=== Section Start ===
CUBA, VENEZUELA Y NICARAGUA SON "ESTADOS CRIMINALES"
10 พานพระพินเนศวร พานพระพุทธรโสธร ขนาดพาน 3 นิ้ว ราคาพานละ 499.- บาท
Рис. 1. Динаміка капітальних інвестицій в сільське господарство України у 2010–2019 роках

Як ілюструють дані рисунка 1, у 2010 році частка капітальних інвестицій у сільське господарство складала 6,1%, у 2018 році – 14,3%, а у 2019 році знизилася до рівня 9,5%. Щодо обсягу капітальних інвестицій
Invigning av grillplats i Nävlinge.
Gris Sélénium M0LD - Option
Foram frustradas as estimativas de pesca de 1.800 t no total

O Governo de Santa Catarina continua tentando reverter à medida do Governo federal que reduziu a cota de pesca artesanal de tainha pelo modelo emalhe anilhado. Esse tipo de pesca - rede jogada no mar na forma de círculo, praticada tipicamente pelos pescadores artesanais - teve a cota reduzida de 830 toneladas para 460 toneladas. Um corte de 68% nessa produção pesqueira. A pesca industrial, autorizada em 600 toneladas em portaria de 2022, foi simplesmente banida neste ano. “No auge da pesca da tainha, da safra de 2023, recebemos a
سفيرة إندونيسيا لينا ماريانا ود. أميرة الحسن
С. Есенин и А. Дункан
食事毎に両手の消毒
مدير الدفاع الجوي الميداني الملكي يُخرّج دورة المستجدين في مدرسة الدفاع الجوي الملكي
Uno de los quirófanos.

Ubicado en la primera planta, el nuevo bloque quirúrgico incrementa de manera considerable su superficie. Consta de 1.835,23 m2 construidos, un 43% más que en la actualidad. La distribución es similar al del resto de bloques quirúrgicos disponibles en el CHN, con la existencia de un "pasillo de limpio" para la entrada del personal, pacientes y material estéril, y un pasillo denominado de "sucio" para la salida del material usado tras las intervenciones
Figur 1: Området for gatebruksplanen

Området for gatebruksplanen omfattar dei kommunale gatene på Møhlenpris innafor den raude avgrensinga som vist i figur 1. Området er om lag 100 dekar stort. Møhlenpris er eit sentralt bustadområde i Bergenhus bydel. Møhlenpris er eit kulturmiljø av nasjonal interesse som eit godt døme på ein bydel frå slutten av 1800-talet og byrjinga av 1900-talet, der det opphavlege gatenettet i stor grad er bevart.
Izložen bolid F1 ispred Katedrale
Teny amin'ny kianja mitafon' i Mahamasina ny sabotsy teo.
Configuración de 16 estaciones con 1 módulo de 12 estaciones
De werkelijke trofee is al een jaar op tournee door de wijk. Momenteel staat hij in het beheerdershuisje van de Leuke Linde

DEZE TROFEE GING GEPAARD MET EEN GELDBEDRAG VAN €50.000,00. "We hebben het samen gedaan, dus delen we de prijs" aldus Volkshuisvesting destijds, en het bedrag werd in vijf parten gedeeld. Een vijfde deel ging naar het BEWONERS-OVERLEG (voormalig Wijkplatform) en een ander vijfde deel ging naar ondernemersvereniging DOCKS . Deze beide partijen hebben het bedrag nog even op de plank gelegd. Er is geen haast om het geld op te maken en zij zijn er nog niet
=== Section End ===
=== Section Start ===
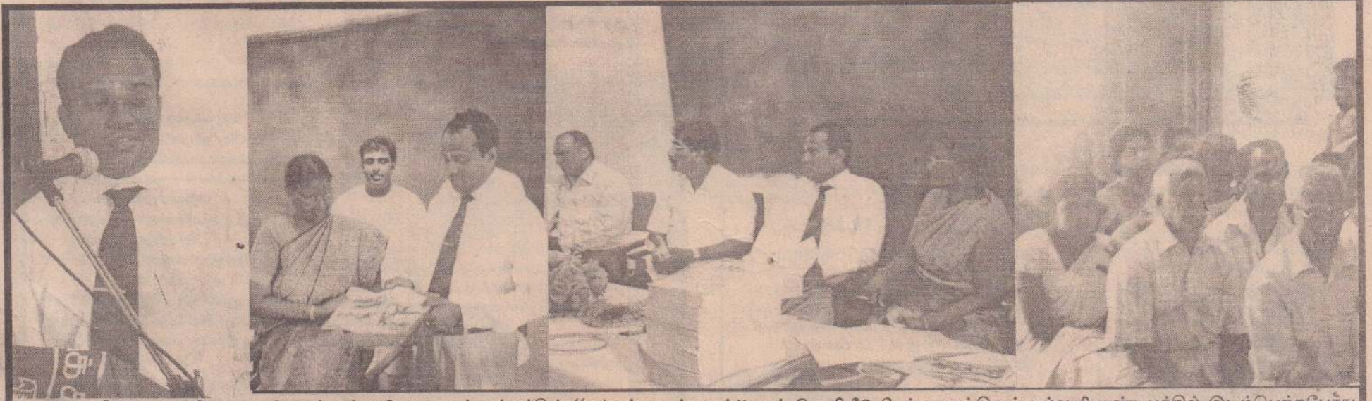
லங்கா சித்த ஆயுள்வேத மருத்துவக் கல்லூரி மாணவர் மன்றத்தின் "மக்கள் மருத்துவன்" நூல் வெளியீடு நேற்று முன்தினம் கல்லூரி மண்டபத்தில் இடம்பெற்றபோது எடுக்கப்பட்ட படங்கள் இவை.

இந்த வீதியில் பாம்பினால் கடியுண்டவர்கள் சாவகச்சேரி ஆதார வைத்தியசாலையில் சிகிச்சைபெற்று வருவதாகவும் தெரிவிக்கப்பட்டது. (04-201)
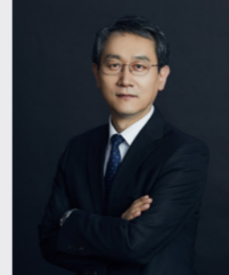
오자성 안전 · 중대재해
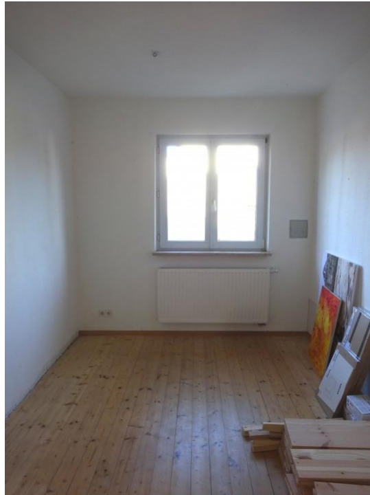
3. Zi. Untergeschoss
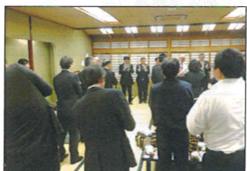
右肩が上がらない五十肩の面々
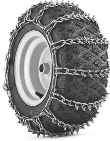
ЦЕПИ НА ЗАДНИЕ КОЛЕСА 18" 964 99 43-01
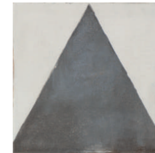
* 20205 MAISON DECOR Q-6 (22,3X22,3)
=== Section End ===
=== Section Start ===
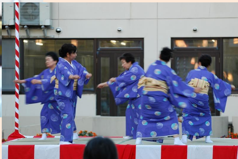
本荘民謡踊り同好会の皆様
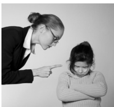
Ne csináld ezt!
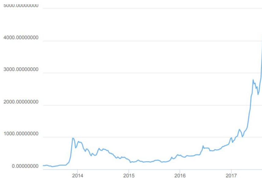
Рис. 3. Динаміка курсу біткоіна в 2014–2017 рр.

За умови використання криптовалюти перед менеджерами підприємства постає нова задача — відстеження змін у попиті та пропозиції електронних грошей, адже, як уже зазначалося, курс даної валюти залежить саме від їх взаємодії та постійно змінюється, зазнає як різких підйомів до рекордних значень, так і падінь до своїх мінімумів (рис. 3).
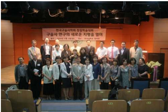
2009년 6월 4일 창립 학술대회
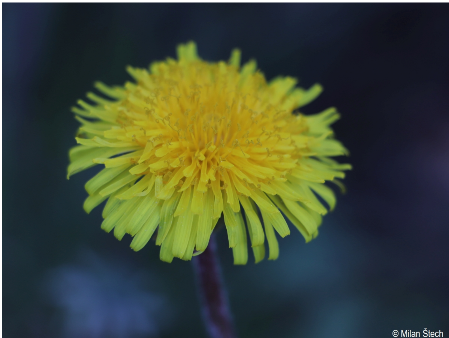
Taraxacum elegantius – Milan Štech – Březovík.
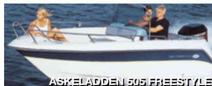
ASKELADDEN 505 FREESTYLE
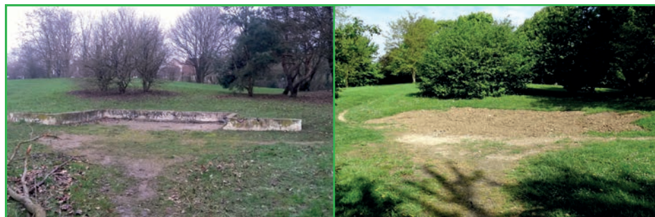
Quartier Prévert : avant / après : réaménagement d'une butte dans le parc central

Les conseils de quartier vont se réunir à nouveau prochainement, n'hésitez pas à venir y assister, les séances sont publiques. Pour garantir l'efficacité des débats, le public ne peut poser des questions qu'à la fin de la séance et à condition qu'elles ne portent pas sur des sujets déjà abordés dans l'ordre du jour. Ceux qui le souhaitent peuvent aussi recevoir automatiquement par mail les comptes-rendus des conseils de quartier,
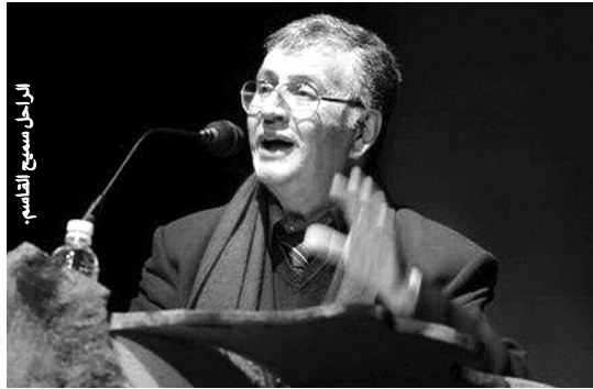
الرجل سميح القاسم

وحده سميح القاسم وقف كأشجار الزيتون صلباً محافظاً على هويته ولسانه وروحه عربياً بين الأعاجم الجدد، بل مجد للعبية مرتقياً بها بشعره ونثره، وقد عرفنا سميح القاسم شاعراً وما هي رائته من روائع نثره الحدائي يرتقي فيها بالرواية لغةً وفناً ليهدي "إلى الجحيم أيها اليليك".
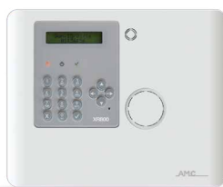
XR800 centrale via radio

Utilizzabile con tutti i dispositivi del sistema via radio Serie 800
=== Section End ===
> _WHAT TO PRODUCE_
Using the listing above, state how many lines contain the string "pesca". Give the number by itself.

> _EXERCISE OUTPUT_
2